Also, Michael Jordan's standing reach was 8'10" and his highest touch was 12'5"...meaning his vertical was indeed measured at 43".

And...

Spud Webb 1985
Height w/o shoes: 5'6"
Height w/ shoes: 5'7"
Standing Reach: 7'4"
Highest Touch: 11'2"
Vertical Jump: 46 inches


----------



## simply_amazing (Aug 23, 2009)

Kobe's about 6'5" with shoes, but I've never seen his head close to the rim a la LeBron, VC, Jordan. His head's always several inches below, even with his 'fro. 

77" + 38" = 115"

Kobe's peak vertical was in the high 30's. Here's a mixtape. Kobe always looks up at the rim, even in his younger years:


http://www.youtube.com/watch?v=6FaDVuYyYG0

edit: here's Kobe's stats from the previous link.
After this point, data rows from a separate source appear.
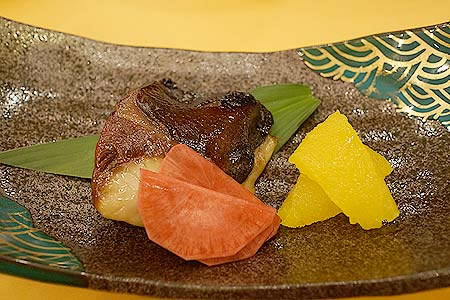 | 焼物 伊根ぶり味噌漬け 網笠柚子・千枚赤蕪 |
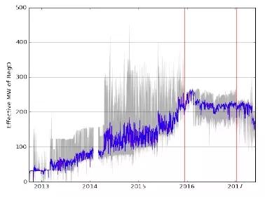 2016年儲能協(xié)會發(fā)現(xiàn)了現(xiàn)有信號和估值算法存在不一致的地方。修改后效益因子曲線降低了RegD估值,原因是其運行方向與系統(tǒng)所需相反,但是信號系統(tǒng)調(diào)整后RegD的方向不會與系統(tǒng)需求相反了。儲能協(xié)會指責(zé)PJM因為其系統(tǒng)缺陷降低了估值系統(tǒng),隨后系統(tǒng)缺陷修復(fù)后依然保持較低估值。
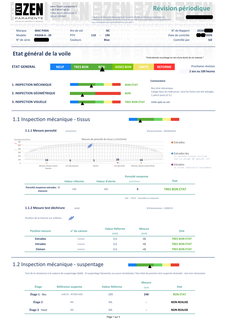 La valeur moyenne des 5 points sert de référence. La porosité du tissus de l'extrados ne doit pas dépasser une valeur seuil de 540 L/m2/min.
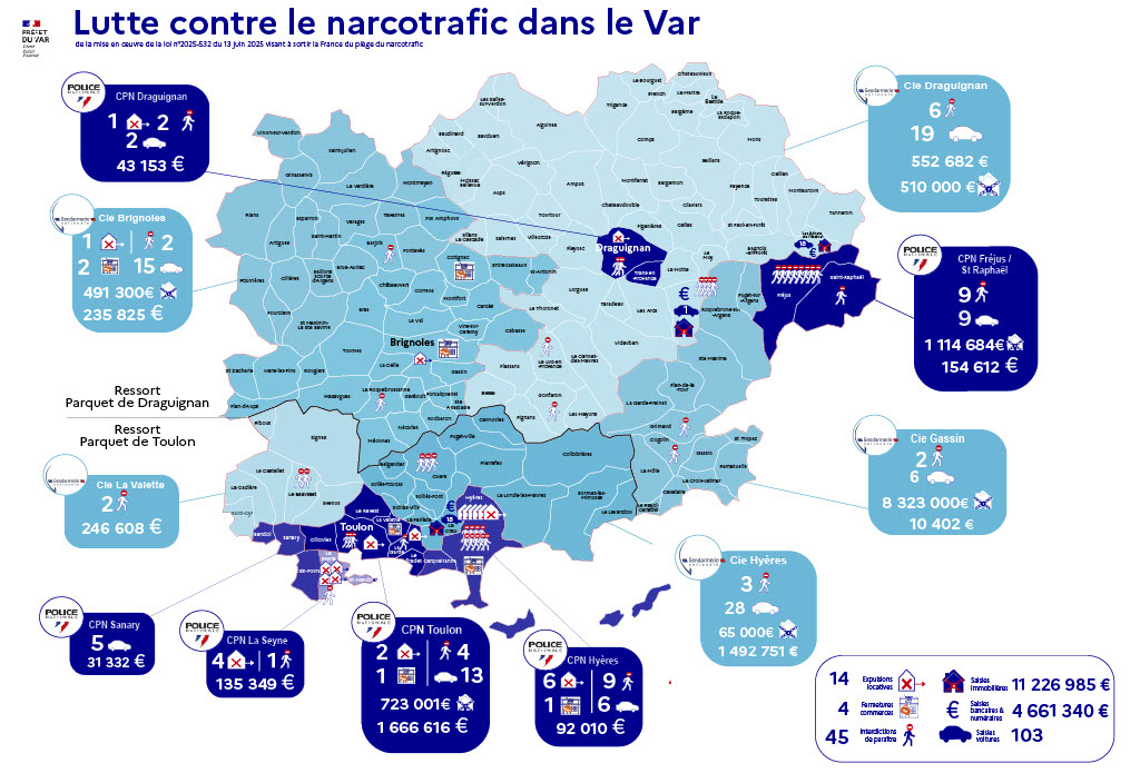 L’action des FSI et des douanes est complétée par les mesures administratives prises par la préfecture. En effet, depuis la promulgation de la loi du 13 juin 2025 visant à sortie la France du piège du narcotrafic, le Préfet du Var a pris :
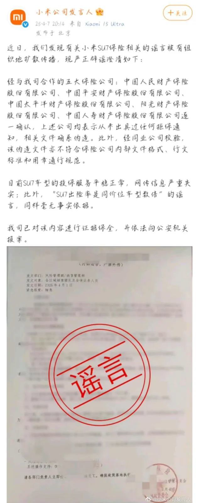 小米公司发言人还表示,经与小米公司合作的五大保险公司(中国人民财产保险股份有限公司、中国平安财产保险股份有限公司、中国太平洋财产保险股份有限公司、阳光财产保险股份有限公司、中国人寿财产保险股份有限公司)逐一确认,上述公司均表示从未出具过任何拒保通知,相关文件确系伪造。此外,经同业公司校验,该伪造文件亦不符合保险公司内部文件格式、行文标准和用章通行规范。

As I suspected, 38."

Jordan was also considerably faster, had bigger hands, a bit taller, much more competitive, there's just no comparison. 

Kobe Bryant 1996
Height w/o shoes: 6'5"
Height w/ shoes: 6'6"
Weight: 199
Wingspan: 6'11"
Standing Reach: 8'10"
Highest Touch: 12'0"
Vertical Jump: 38 inches



Dee-Zy said:


> I always thought that Kobe was on par with Jordan in terms of athleticism/vertical


----------